Two, its individual stock weights are lower, too. The top five weights in the Nifty Low 30 are Hindustan Unilever (4.3 per cent), HDFC Bank (4.2 per cent), ITC (3.9 per cent), PowerGrid (3.9 per cent) and Nestle (3.9 per cent). The Nifty 100 features HDFC Bank (9.5 per cent), Reliance Industries (8.4 per cent), HDFC (7.2 per cent), ICICI Bank (6 per cent) and Infosys (4.6 per cent).

Three, the filtering criteria for this index reduces volatility by weeding out stocks that have registered big moves recently, both on the upside and downside. For instance, the Nifty Low Vol 30 features slow movers such as PowerGrid, Cipla, Bajaj Auto and Wipro in its top 10, in the place of the Nifty 100’s Reliance Industries, HDFC, Infosys and Kotak Mahindra Bank. The latter have been prime movers behind the recent rally. This gives the Nifty Low Vol 30 a slightly contrarian flavour and makes for a less expensive portfolio.

As on December 31, 2019, the portfolio PE of the Nifty Low Vol 30 index was 22.8 times.

This is not exactly cheap, but is lower than the Nifty 100’s by 30.7 times.

How returns roll

Taking stock on January 16, 2020, the recent returns on the Nifty Low Vol 30 were decidedly inferior to those of its parent Nifty 100 on a total return basis. The trailing one- and two-year CAGR on the Low Vol 30 were at 9.1 per cent and 6.8 per cent, respectively, while the Nifty 100 sported 13.6 per cent and 7.2 per cent.

But, on a five-year basis, the Low Vol 30’s CAGR at 10.5 per cent was better than the Nifty 100’s 9.3 per cent.

Rather than point-to-point returns, though, rolling returns are a better test of the investment results any strategy delivers to its investors. On this count, the Nifty Low Vol 30 stacks up very well against the Nifty 100. Running a rolling return analysis over the last 10 years, the Nifty Low Vol 30 has delivered an average five-year CAGR of 16.5 per cent, superior to the Nifty 100’s 12.2 per cent.

Its worst show, at 9.99 per cent, again, comfortably beats the Nifty 100’s 0.5 per cent. Its best show, quite curiously, is better than its parent’s, too, at a 27.8 per cent versus the Nifty 100’s 24.4 per cent CAGR.

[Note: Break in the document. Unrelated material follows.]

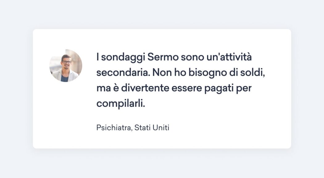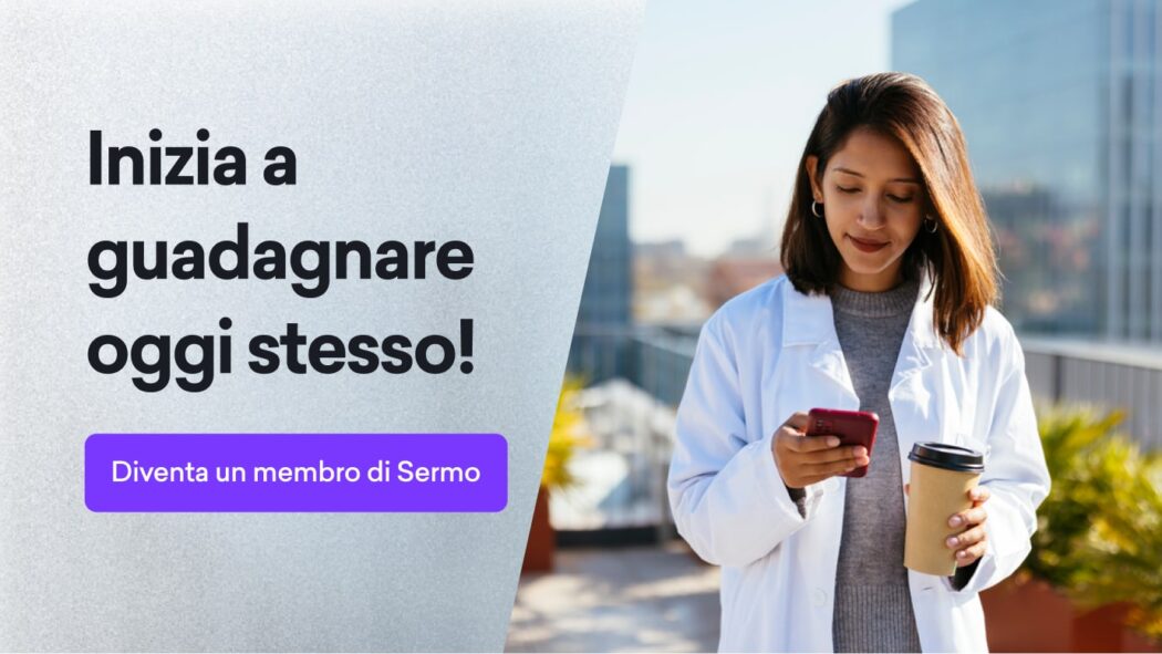 Noi di Sermo vogliamo fornire agli operatori sanitari la possibilità di dare il meglio di sé, ed è per questo che offriamo opportunità di guadagno attraverso i nostri sondaggi retribuiti per medici.

Its calendar year returns show that the Nifty Low Vol 30 lagged behind the Nifty 100 in bull years like 2007, 2017 and 2019, but made up by losing less in big bear years such as 2008 (it lost 42 per cent against 53 per cent on the Nifty 100) and 2011 (negative 12 per cent versus negative 25 per cent on the Nifty 100).

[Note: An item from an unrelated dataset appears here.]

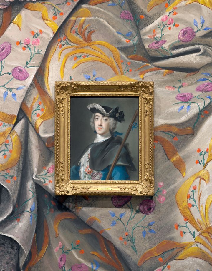초상 파스텔화의 대가 '로살바 카리에라(Rosalba Carriera:1673-1757)'의 작품 'Portrait of a Man in Pilgrim's Costume'을 '모리스 캉탱 드 라 투르(Maurice Qauantin La Tour:1704-1788)'가 그린 '마담 퐁파두르의 초상(Marquise de Pompadour)'의 의상 한 부분을 커튼처럼 배경으로 하고 있는 사진이었다.

While this reaffirms the Low Vol 30’s loss-containing feature, 10 years is a short timeframe to assess the performance of any strategy, as it may cover just one market cycle.

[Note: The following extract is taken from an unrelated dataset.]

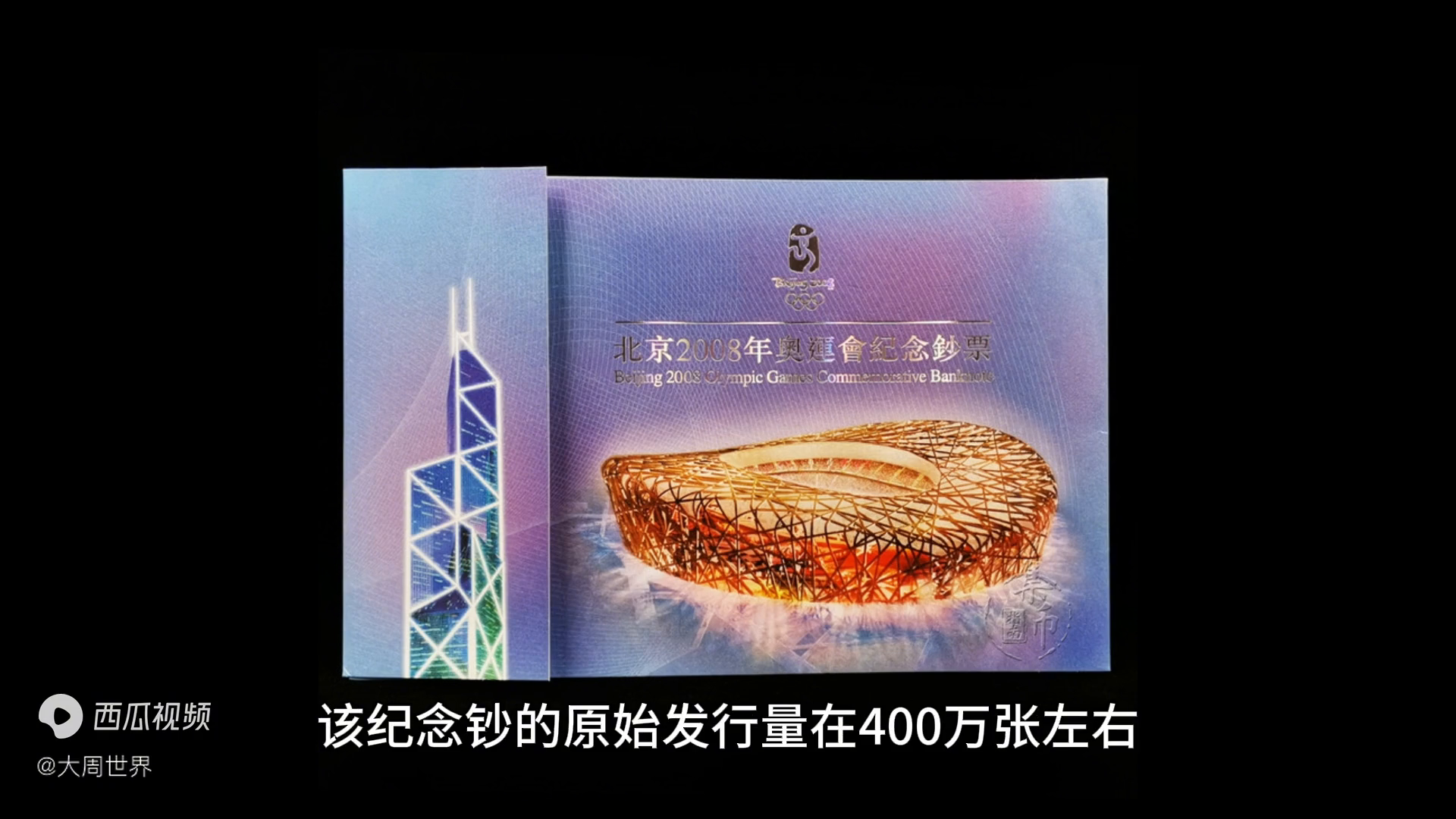 为了迎接和纪念北京奥运会,中国银行(香港)有限公司2008年7月11日宣布发行香港奥运纪念钞。中国银行(香港)作为香港发钞银行,特别发行港币20元面值北京奥运会纪念钞。该纪念钞的原始发行量在400万张左右,其中单钞306万,四联体发行6万张,另有三十五联体2万张。

Overall, the key pluses of the Nifty Low Vol 30 strategy are that it sticks to stable large-cap names in the market, while containing your losses by tempering down the momentum and concentration associated with indices such as the Nifty 100 and Nifty 50.

On the flip side, it uses no fundamental filters to select stocks, stays off momentum even if it is positive, and sticks only to the top 100 names, presently an overcrowded segment in the Indian market.